To evaluate pre-trained clip based classifier on ImageNet:
NETWORK=resnet50
exp_dir=/path/to/log/directory
mkdir -p "${exp_dir}"
python -m test.py \
--data_path '/path/to/imagenet/' \
--model ${NETWORK} \
--checkpoint_path '/path/to/checkpoint' \
--CLIP_model \
--CLIP_text_path './imagenet_text_features/gpt3.pth' \
--embed_size 512 \
2>&1 | tee "${exp_dir}/eval-$(date +"%Y%m%d_%H%M%S").log"
Modify the NETWORK
, exp_dir
, --data_path
and --checkpoint_path
arguments accordingly. Note that for the --CLIP_text_path
argument, the same CLIP text features path has to be provided as used for training the network. For the provided pretrained networks in the model zoo, the --CLIP_text_path
is always './imagenet_text_features/gpt3.pth'
.
To train a baseline or CLIP text based model, refer to the scripts
directory which contains scripts to train all the models reported in the paper. Please modify the --data_path
and --checkpoint_path
arguments as required. Additionally, all models are trained on four GPUs. If reducing the GPUs or batchsize, please scale the learning-rate linearly accordingly. Note that the effective batchsize is Number of GPUs x --batch-size
.
Additionally, please note that for training the FocalNet models, we directly utilize the official FocalNets repository.

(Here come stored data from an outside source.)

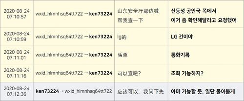 대화 상대방이 산둥성 공안국에서 'LG 건 통화기록' 조회를 요구한다고 하자 ken73224가 가능하다고 답한 내용 등이 담겼다.
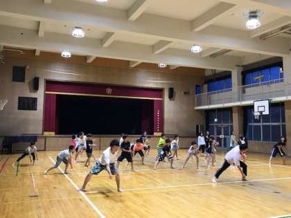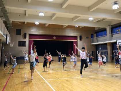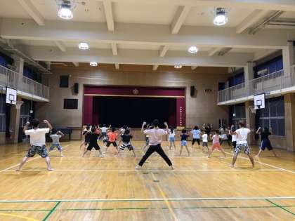 日も暮れ始める頃、体育館から子どもたちの元気な声が響いてきました。のぞいてみると、ダンスサークル「まかな」の方たちと、十三小学校の子どもたちがかっこいいダンスを練習していました。本番ではハッピを振って踊るそうです。歌もかっこよくて、歌いながら踊っている人も大勢いました。
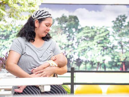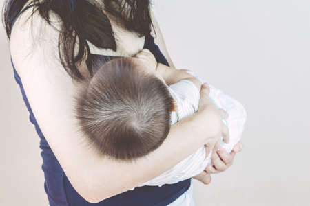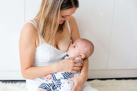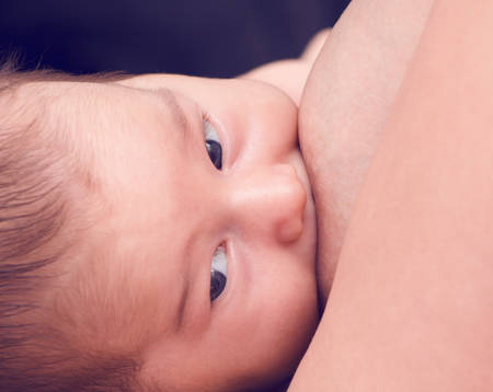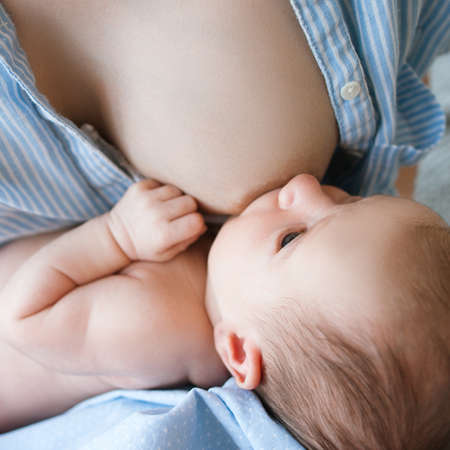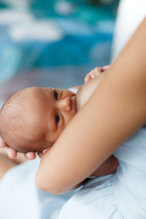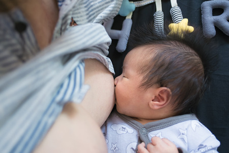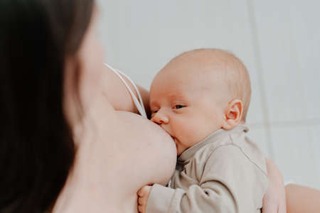 Mother breastfeeding her newborn baby boy, breast milk.
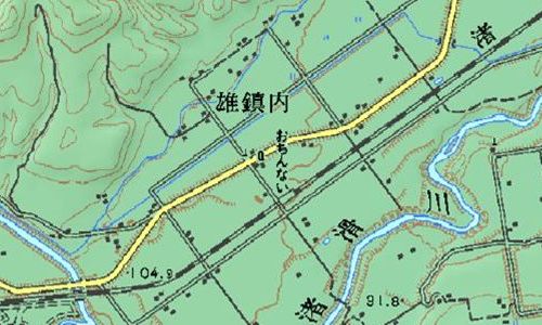 当然。数値地図化する際にはその地図を使うため、こうして渚滑線が残ってしまったわけだ。 これは誤記ではなく経年変化について行けていない例だが、地形図にも誤記はある。二種類あって、一つは登山道などが実際の位置と微妙に異なるもの(資料を基に地形図を作成するときなどにできやすい)、もう一つは完全な誤記、単純ミスである。 上の地図、よく見ると。 ◎ゆうちんない ×おちんない どうしてこうなった? 地名は「おちんない」で正しい。真偽は不明だが、「おちん」がよろしくないとして駅名を「ゆうちん」とした、と聞いたことがある。国鉄は平気で漢字や読みを現地と異なるものにするので、ありうる話だ。 * * *
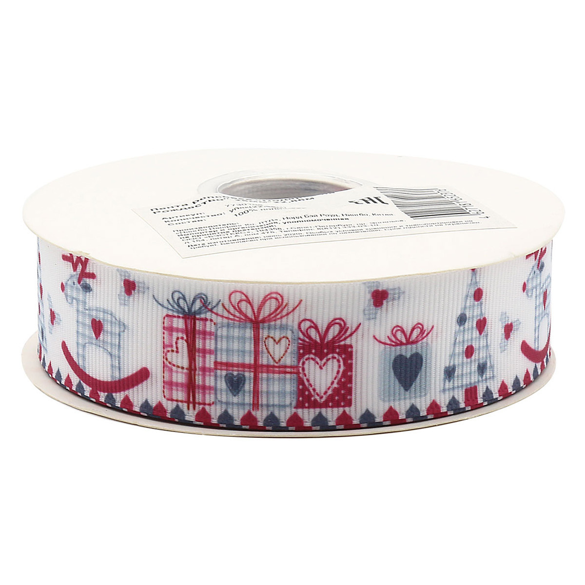 Лента репсовая (в рубчик) Подарки на Рождество 25 мм, 22.86 м
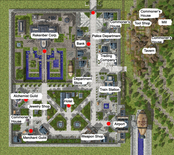 The city-state of Lighthalzen is divided into two districts, the residential district on the south side of the city and the commercial district on the north side. The residential district's main attraction is the world-renowned Rekenber Hotel, located in the center of the district. The commercial district contains an airship landing strip, the Lighthalzen Bank, various trading posts, and the Alchemist Guild House. More importantly, it houses the Rekenber Corporation Headquarters.
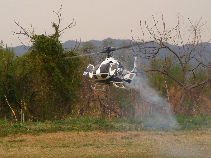 当時は毎回のように写真を撮ることなどはしていなかったので、滅多に写真は撮らなかったのですがたまたまI戸さんがスケールヘリを完成させたところを撮っていました。僕がヘリを始めた当時、I戸さんは滅多にお見えにならず、このスケールヘリの完成をきっかけによく出動されるようになったようです。このスケールヘリはEurocopter ec135を模したもので、90クラスです。ドア開閉式、またテールはシャフトドライブ駆動のフェネストロンです。未塗装のキットでも30万円超という高級品ですが、これ以外にもメカなど様々な補機類も必要だし、塗装するのも大変だったと思います。
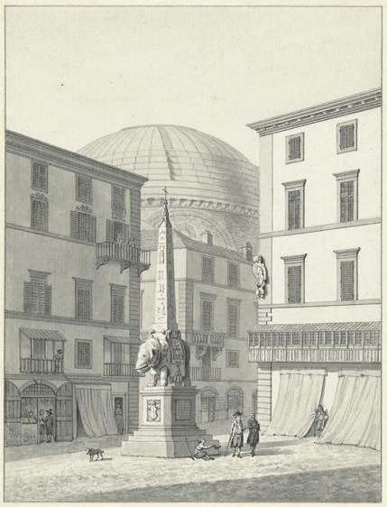 The view of the Piazza della Minerva from the Grand Hotel de la Minerve in 1790, much as Stendhal would see it twenty years later. S Maria sopra Minerva is out of the picture to the right
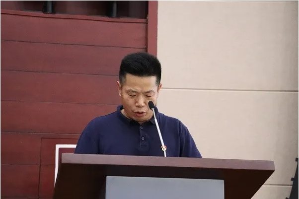 徐长节宣读学院优秀党员、优秀党务工作者、先进新时代基层党支部、“学习强国”学习标兵及优秀党支部的表彰决定,并颁发证书。
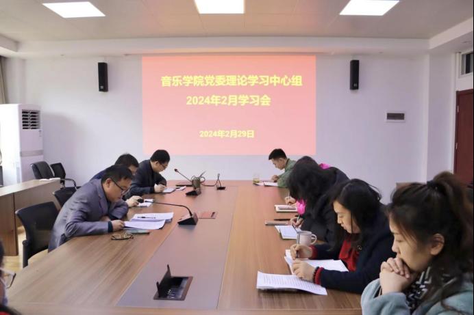 2月29日下午,音乐学院在德雅楼二楼会议室召开党委理论学习中心组2024年2月份集中学习暨研讨交流会,校党委组织员李升学以及学院领导班子、党委委员、系(所、中心)主任、各党支部书记等参会,会议由学院党委书记李建新主持。
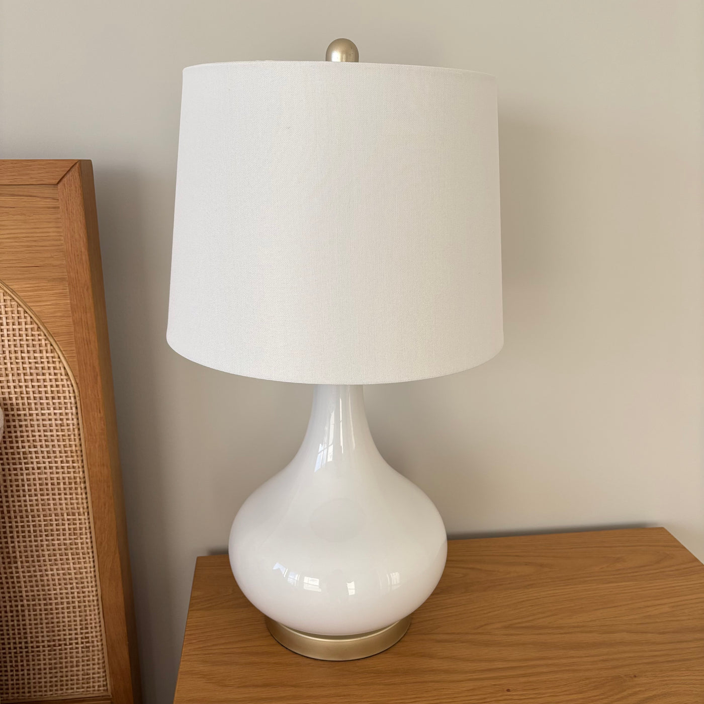 Set of 2 22” Tall Table Lamps with White Glass Bases - G377
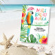 Mande uma alegria tropical e desejos calorosos com este cartão de Natal. Apresentando um papagaio aquoso em um chapéu de Papai Noel e uma tipografia de "Mele Kalikimaka", emoldurada por folhas de palma e flores de hibisco. Trabalho de arte por KL Stock.
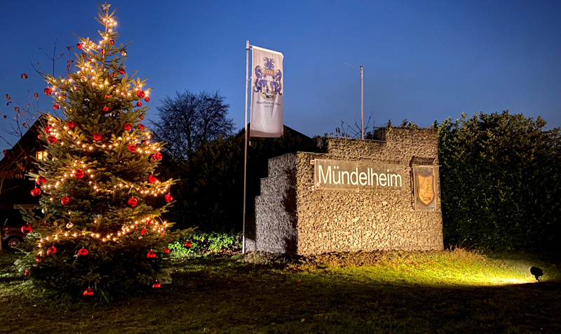 Die Beleuchtung an unserem Ortseingang funktioniert wieder und der geschmückte Weihnachtsbaum ist aufgestellt.
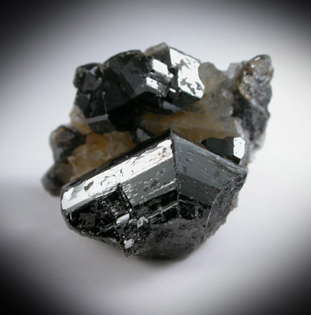 | Description: | Large crystals of lustrous black cassiterite to 15 mm across with translucent quartz crystals to 5 mm running through the middle. Many of the cassiterite crystals are twinned. The bottom was sawn to remove excess matrix without damage. |
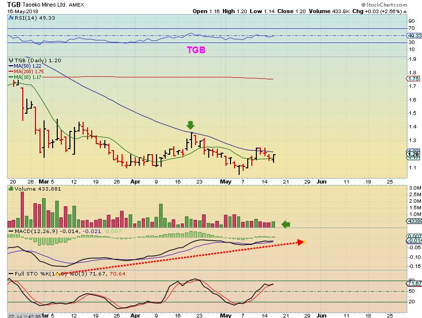 TGB – Talk about FRUSTRATING! I have been pointing out TGB for a couple of days. I decided to buy it ahead of a break out above the 50sma yesterday. I put in a limit order at $1.17 and had to leave for the day. When I came home, TGB had surged higher in the final hour, and it only filled a small partial of my order 🙁 I own 1000 shares of TGB, but want more. This looks ready to break out higher, doesn’t it?
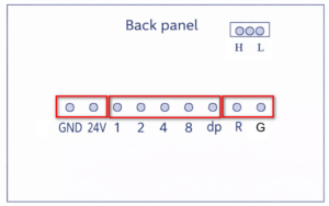 - ขั้วสัญญาณ: HL, GND, 24V, 1, 2, 4, 8, dp, RG
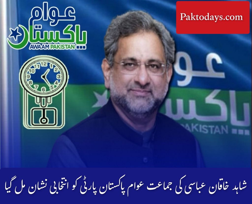 شاہد خاقان عباسی کی جماعت عوام پاکستان پارٹی کو انتخابی نشان مل گیا۔الیکشن کمیشن نے عوام پاکستان پارٹی کوانتخابی نشان گھڑیال الاٹ کردیا ہے، عوام پاکستان پارٹی نے انٹرا پارٹی الیکشن کے نتائج الیکشن کمیشن میں جمع کروائے تھے۔لیکشن کمیشن نے عوام پاکستان پارٹی کے انٹرا پارٹی الیکشن کو تسلیم کرلیا۔واضح رہے کہ 8 فروری 2024 کے الیکشن کے بعد6 نئی سیاسی جماعتیں الیکشن کمیشن میں رجسٹرڈ ہوئیں جن میں سے2024 میں بلوچستان قومی اتحاد، پاکستان عوامی قوت، پاکستان خدمت خلق لیگ، ٹیکنالوجی موومنٹ پاکستان اور پختونخواعوامی نیشنل پارٹی شامل ہوئی جب کہ 2025 میں پہلی سیاسی جماعت عوام پاکستان پارٹی کو الیکشن کمیشن نے رجسٹرکرلیا، الیکشن کمیشن میں رجسٹرڈسیاسی جماعتوں کی تعداد 168 ہوگئی۔شاہدخاقان عباسی عوام پاکستان کے کنوینر ہیں اورمفتاح اسماعیل عوام پاکستان کے سیکریٹری جنرل ہیں۔
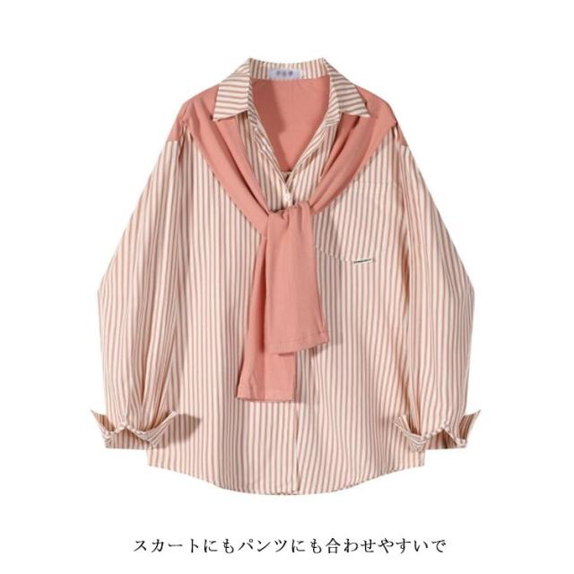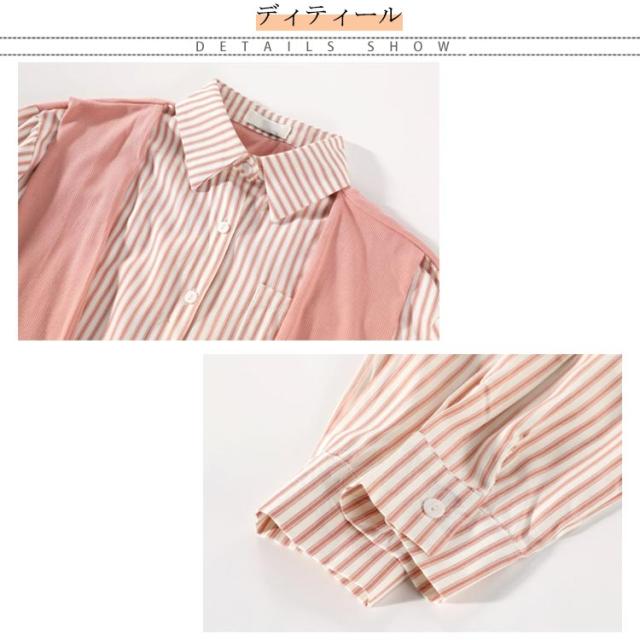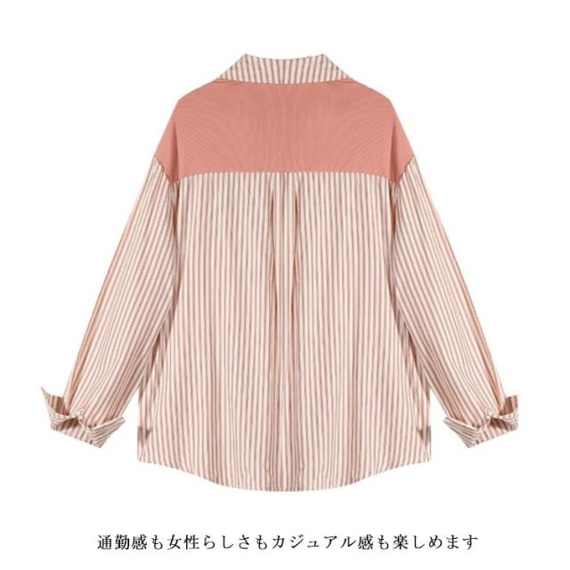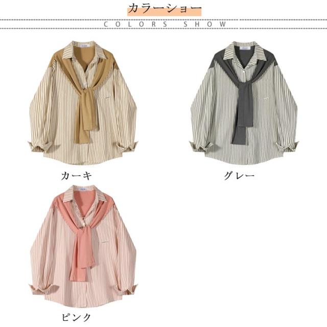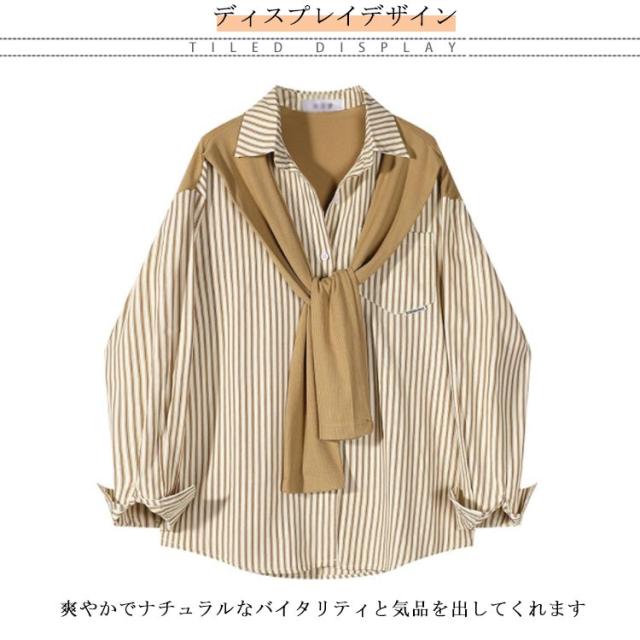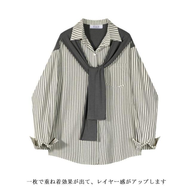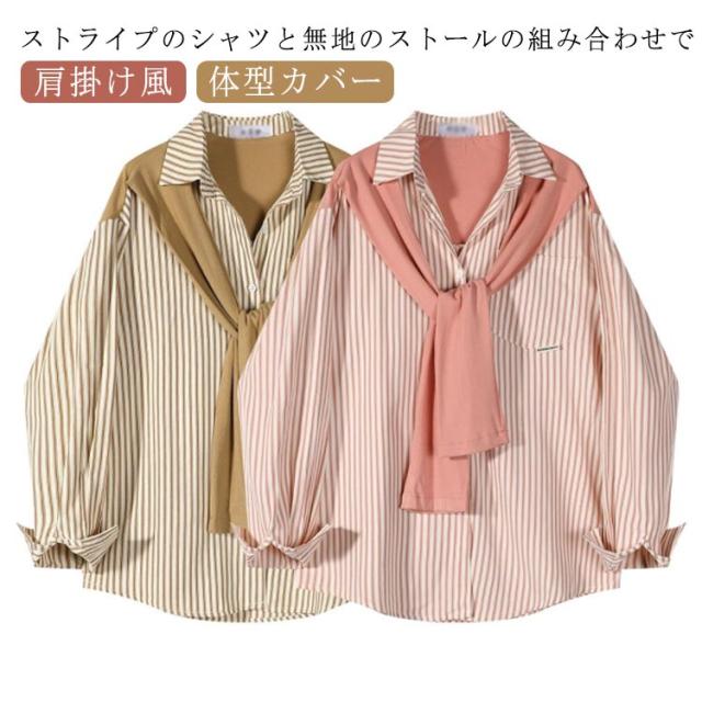 30代 秋 ストライプシャツ 長袖 襟付き 大きいサイズ ゆったり コーデ ブラウス 肩掛け風 体型カバー 重ね着 おしゃれ オフィス 通勤 着痩せ きれいめ カジュアル 20代 レディース

If you find our work, this repository, or pretrained models useful, please consider giving a star ⭐ and citation.
@InProceedings{wasim2023textguidedresilience,
author = {Wasim, Syed Talal and Soboka, Kabila Haile and Mahmoud, Abdulrahman and Khan, Salman and Brooks, David and Wei, Gu-Yeon},
title = {Hardware Resilience Properties of Text-Guided Image Classifiers},
booktitle = {NeurIPS},
year = {2023},
}
If you have any questions, please create an issue on this repository or contact at wasimtalal@gmail.com or mahmoud@g.harvard.edu.
Our code is based on the Pytorch Image Classification repository. Additionally, we utilize FocalNets repository to train the FocalNet-T and FocalNet-S models, and pytorchfi and goldeneye for resilience analysis. We thank the authors for releasing their code. If you use our code/models/analysis, please consider citing these works as well.